You can also execute more than one pipeline on the command line:

python vistrails.py -b ../examples/head.vt:aliases ../examples/spx.vt:spx \ -a"isovalue=30"

Use the -a parameter only once regardless the number of pipelines. Running a Workflow with Specific Parameters

I can load a vistrail, and the version tree shows up fine. However, no pipelines appear when I click on a version. What gives?

The most likely reason is that the vistrail uses a package that is not registered with VisTrails. You need to identify the needed package and add it to your .vistrails/startup.py. A single line like the following should be enough:

addPackage('enter_package_name_here')

Some packages might need more information. For example:

addPackage('afront', executable_path='/path/to/afront')

Refer to the package documentation for details. The one inconvenient step is that currently there's no automated way to describe what is the missing package. We're working on this feature for future releases.

I have a workflow that reads a file and then does some processing. The first time it runs, it executes correctly. But in subsequent, nothing happens.

VisTrails caches by default, so after a workflow is executed, if none of its parameters change, it won't be executed again.

If a workflow reads a file using the basic module File, VisTrails does check whether the file was modified since the last run. It does so by keeping a signature that is based on the modification time of the file. And if the file was modified, the File module and all downstream modules (the ones which depend on File) will be executed.

Note: If you would like your input and output data to be versioned, you can use the Persistence package.

If you do not want VisTrails to cache executions, you can turn off caching: go to Menu Edit -> Preferences and in the General Configuration tab, change Cache execution results to Never. Workflow Execution

Can VisTrails execute workflows in parallel?

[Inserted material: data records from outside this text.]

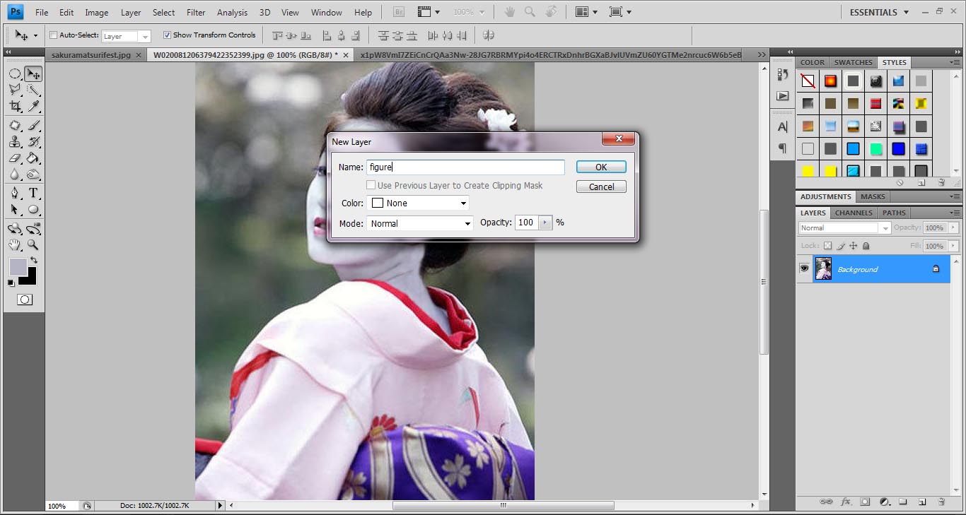 Double-click on the layer thumbnail to unlock it and make it as layer and name it as "Figure".Apply "Image >> Auto tone" and "Auto contrast" to the "Figure" image and also refine the image with Blur tool to smoothen the white foundation on figure face. I also use the Clone Stamp tool to retouch the white colour make-up on the figure's ear and neck.
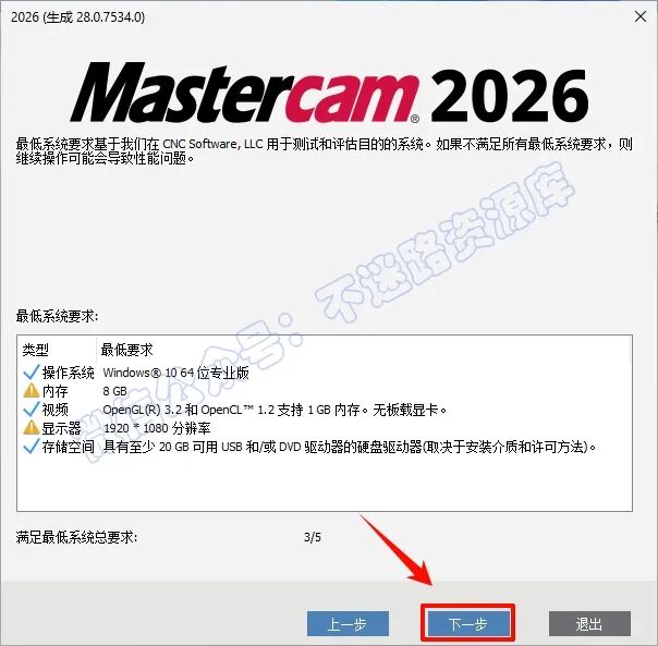 若提示最低系统要求,点击“下一步”,没有此步则跳过
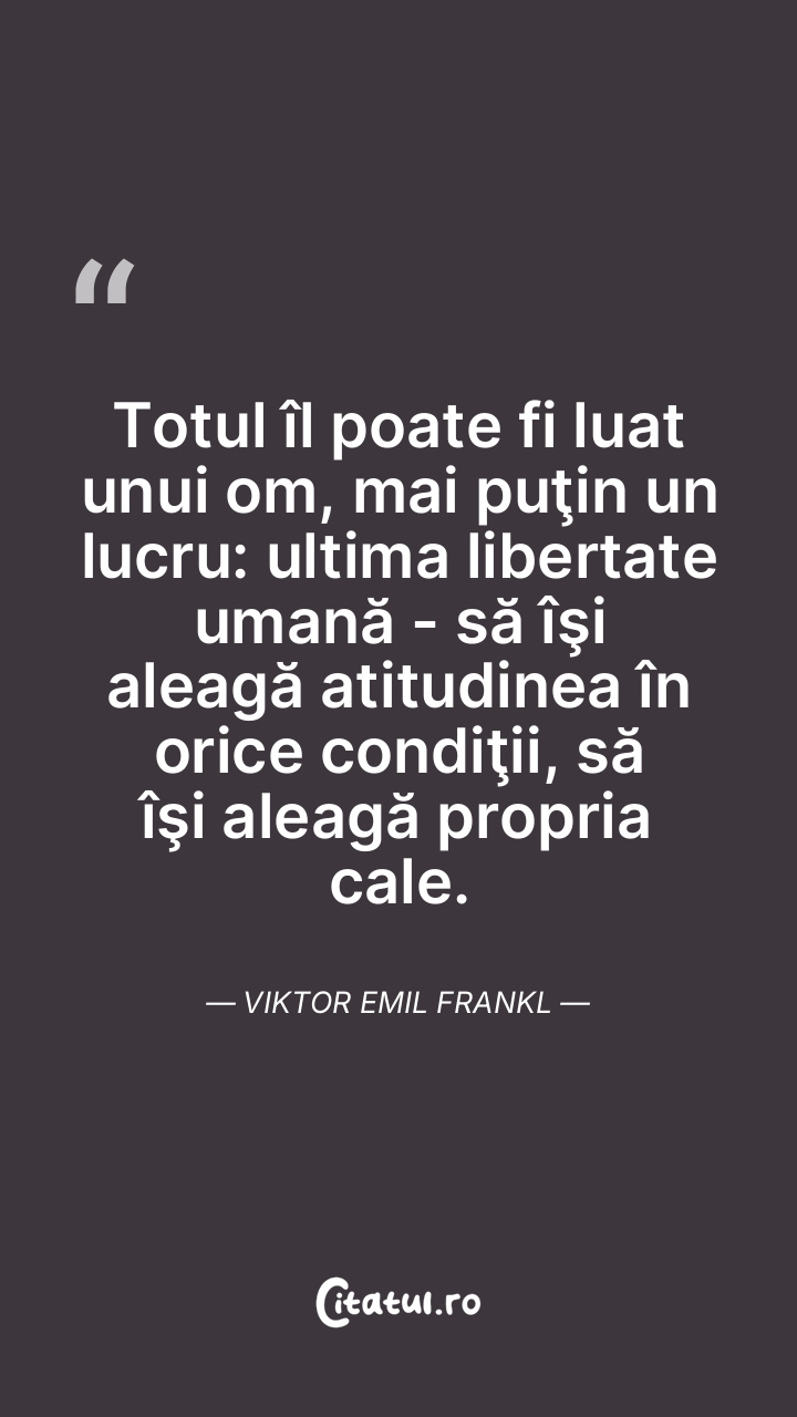 Cea mai mare libertate umană este aceea de a-şi alege atitudinea în orice circumstanţe de viaţă. Viktor Emil Frankl

The VisTrails server can only execute pipelines in parallel if there's more than one instance of VisTrails running. The command

self.rpcserver = ThreadedXMLRPCServer((self.temp_xml_rpc_options.server, self.temp_xml_rpc_options.port))

starts a multithreaded version of the XML-RPC server, so it will create a thread for each request received by the server. The problem is that Qt/PyQT doesn't allow these multiple threads create GUI objects, only in the main thread. To overcome this limitation, the multithreaded version can instantiate other single threaded versions of VisTrails and put them in a queue, so workflow executions and other GUI-related requests, such as generating workflow graphs and history trees can be forwarded to this queue, and each instance takes turns in answering the request. If the results are in the cache, the multithreaded version answers the requests directly.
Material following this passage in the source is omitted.